JoAnne Adamson, the city's Urban Planning Manager, told iNFOnews.ca today that that statement was not true. She is working with city lawyers to determine the next course of action the city will take. While there is no court date set to hear the right of way issue, this a top priority for the city, she said, adding that the right of way has been in place for more than 20 years.

The gate on the south end of the patio is locked and the boardwalk extends for a short distance south of the locked gate to the boat launching area of the Cook Road Boat Launch. The patio itself has a row of tables perched on the edge of the boat launching area along with tables on the land side of the boardwalk.
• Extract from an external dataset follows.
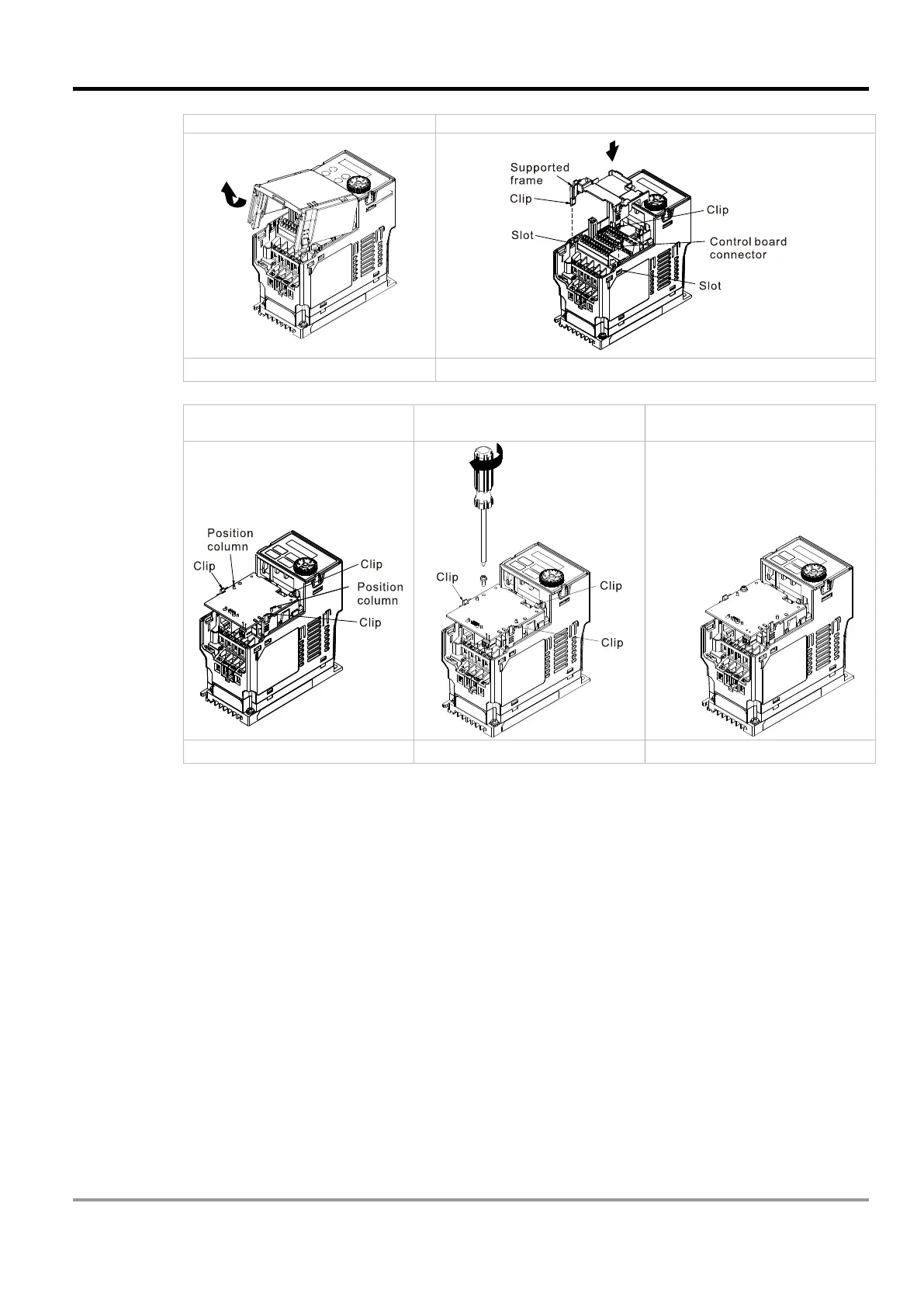card at the slots on the upper cover of the motor drive, and then press downward to have the four

Justice Riley noted that the area under dispute is less than half a city block long and could be crossed in 30 to 40 seconds.

Regardless, he ruled, the closure causes irreparable harm to the public.

“Although it might fairly be said that denial of public access to a short stretch of lakeside walkway for the period of time necessary for this action to come to trial is a harm of a different magnitude than complete denial of access to a public body of water, I would not want to trivialize the public interest in unimpeded access to the lakeside walkway in the interests of recreation and tourism as well as the City's ability to advance its planning and land use objectives,” Riley wrote.

That was a key justification for him in granting the injunction.

COVID restrictions, on the other hand, offer support to the hotel for keeping the public out.

“The defendant's concern, which in my view is a fair one, is that a public health inspector may not consider the current configuration of outdoor dining sufficiently safe if members of the public, some of whom are fully vaccinated and others of whom are not, and some of whom are wearing masks while walking outdoors and others of whom are not, are prepared to walk down the length of the boardwalk dining area within a metre of or perhaps less of the defendant's patrons,” Riley wrote.

Therefore, he struck a balance between the two.

“The appropriate balance can be achieved by an order that: (a) prevents the defendant from denying public access to the lakeside walkway during periods of time (full days) when the defendant's outdoor dining area is not open for business; and (b) allows the defendant to block public access to the lakeside walkway during periods of time (full days) when the defendant's outdoor dining area is open for business,” Riley wrote.

Hotel General Manager Mark Jeanes did not return phone calls from iNFOnews.ca by publication time.

But, staff on site when iNFOnews.ca visited today said the patio was, in fact, open and has been open year round in the past.

They said they could not be quoted but did mention that, on particularly foul or rainy days when it was clear no one would want to sit on the patio, that the gate is unlocked.

The wording of Riley’s decision gives the hotel the right to lock the gate for a full day when the patio is open. That applies even if no one is using it.